Understanding when changes in workloads occur is essential to efficient use — especially in the cloud, where you’re paying for resources on a daily, hourly, minute, or second-by-second basis. You need to be able to differentiate between regular periodic behaviors and one-time spikes in workload. By understanding these behaviors, you can make better and more informed decisions on how to handle and resource applications to ensure performance without wasting resources.
Effectively organizing and optimizing your use of resources is also critical. This may mean making configuration changes in workloads such as adding memory or CPU. Ideally, some level of automation can be applied here. This type of configuration optimization often requires automation to be done effectively. Manual efforts like importing data into spreadsheets to drive your analysis can be as much as 30 days out of date. You will not be successful in keeping abreast of the pace of change in the modern enterprise without an automated solution.
Don’t Neglect Reporting
A key sign of capacity management maturity is the ability to automatically generate reports and dashboards that can be distributed to stakeholders. No matter where you are in your cloud capacity management maturity, effective reporting practices are vital to your success. Effective reporting is imperative for you to understand what is going on in your environment today and can help you see into the future to predict the challenges coming down the road.
Even if you are managing to stay on top of the capacity requirements of your cloud environment, inevitably, you are going to need to get management support for changes and investments you will need to make. Your capacity management solution should provide the ability to report on these metrics in an easy to create, repeatable format that can be shared regularly with management. Time spent focusing on your reporting strategy and process will pay dividends for you in being more effective and having stronger management support for your efforts.

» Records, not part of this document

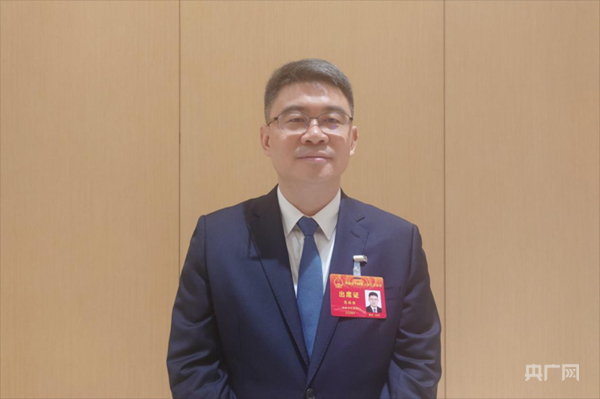 河南省人大代表憨振强讲述了他们把“小粉条”做成强县富民“大产业”的故事。(央广网记者 夏莎 摄)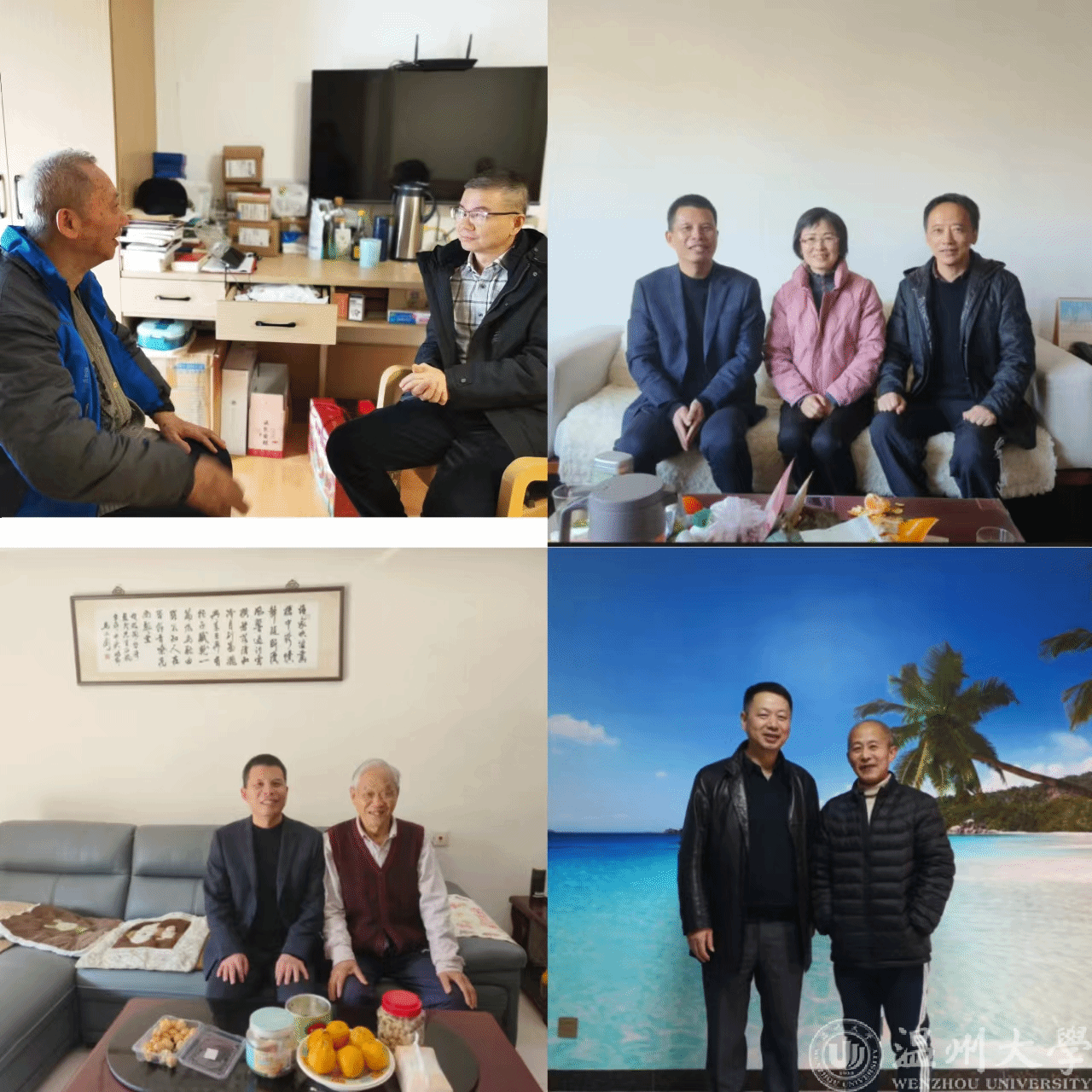 节及元正,万象更新。在岁序更迭的美好时刻,在新春佳节即将来临之际,为给离退休教师们送上节日问候和学校温暖,近日,温州大学球探体育比分网 组织安排球探足球 领导携带慰问品分头走访慰问球探足球 17位离退休教师,向他们通报一年来学校、球探足球 发展成绩,送去学校、球探足球 的诚挚问候和新年祝福。对个别不在温州的离退休老师,球探足球 逐一电话慰问并寄去了慰问品。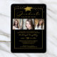 Elegant black and gold glitter graduation party invitation featuring 3 photos, modern, trendy handwritten script typography, gold glitter graduation cap or mortarboard and tiny gold star confetti. ASSISTANCE: For help with design modification or personalization, color change or transferring the design to another product, contact the designer BEFORE ORDERING via the Zazzle Chat MESSAGE tab or email makeitaboutyoustore@gmail.com.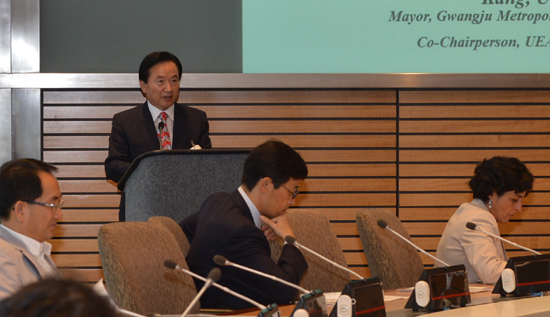 강운태 시장은 지구를 살릴수 있는 광주시 환경철학과 광주시 저탄소 녹색도시 만들기 전략, '도시 CDM'의 씨앗인 ‘탄소은행제도’와 전 지구적 환경협력 방안 등을 소개하면서, 작년 10월 ‘UEA 광주정상회의’ 당시 세계 120여개 도시와 국제기구가 약속한 ‘도시환경평가지표’와 ‘도시CDM’을 하루빨리 개발해 선진국·개도국 도시에 보편적으로 적용할 것을 제안했다.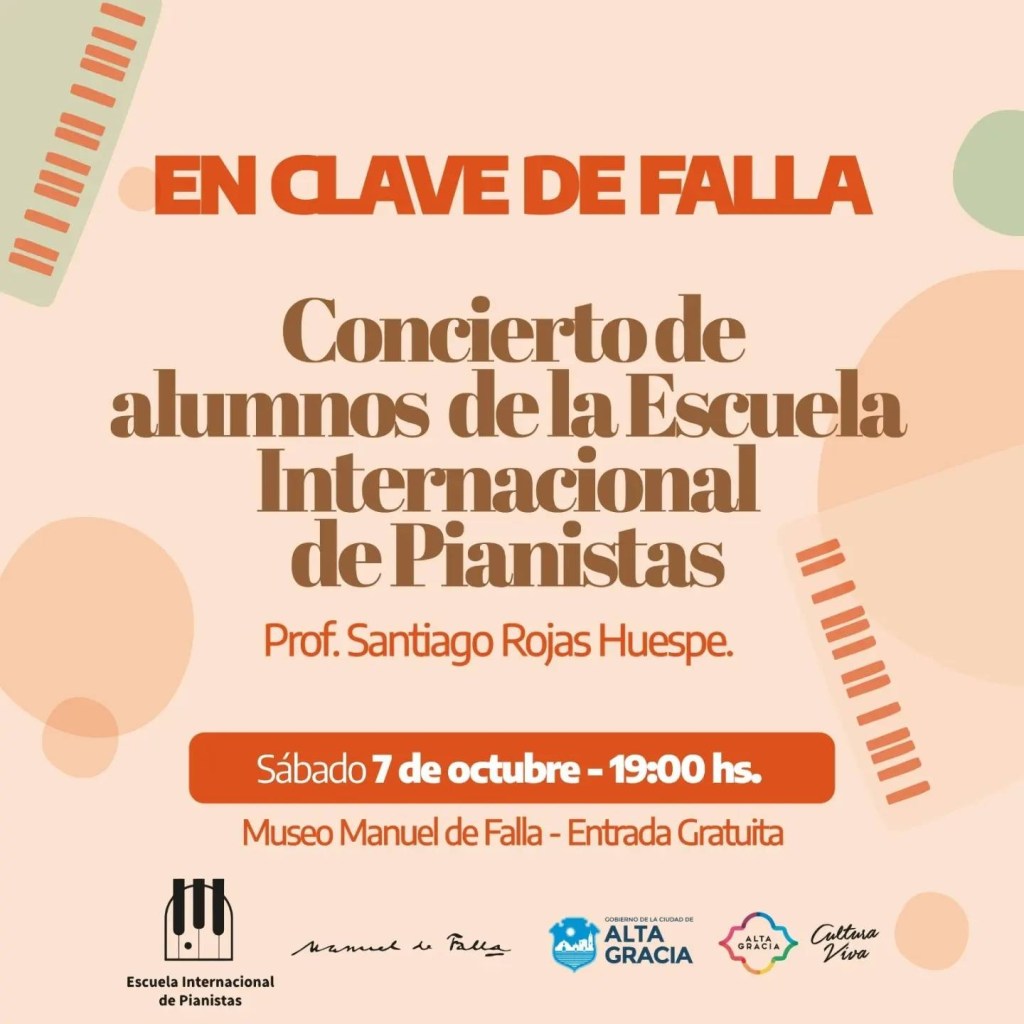 - A las 19hs se llevará a cabo «En Clave de Falla», una nueva edición del ciclo que acerca diversas expresiones musicales para el disfrute del público en general. En esta oportunidad, se brindará un concierto de la Escuela Internacional de Pianistas, a cargo del Profesor Santiago Rojas Huespe. El concierto tendrá lugar en el Museo Manuel de Falla y la entrada es libre y gratuita.

Effective reporting can highlight the ROI benefits to management, such as:
- Growth in resource utilizations
- Count of hardware/software assets
- Cost of hardware/software assets
- Maintenance costs for hardware
- Capacity related incidents
- Average cost of incidents
- Risk of capacity related incidents
Conclusion
Cloud computing continues to grow. Today, the cloud services multiple organizations, users, services and applications. Effectively managing cloud capacity to avoid extra spending must be a focus for today’s companies. Most organizations are switching to the cloud and enjoying its low-cost advantages, but at the same time, they need to establish processes and controls to ensure they are efficiently utilizing all the benefits of the cloud, which means capacity planners will need to update their skills. Today, environments are far more complex and there is an increasing need for capacity planners to keep up-to-date with how the cloud has changed the IT landscape.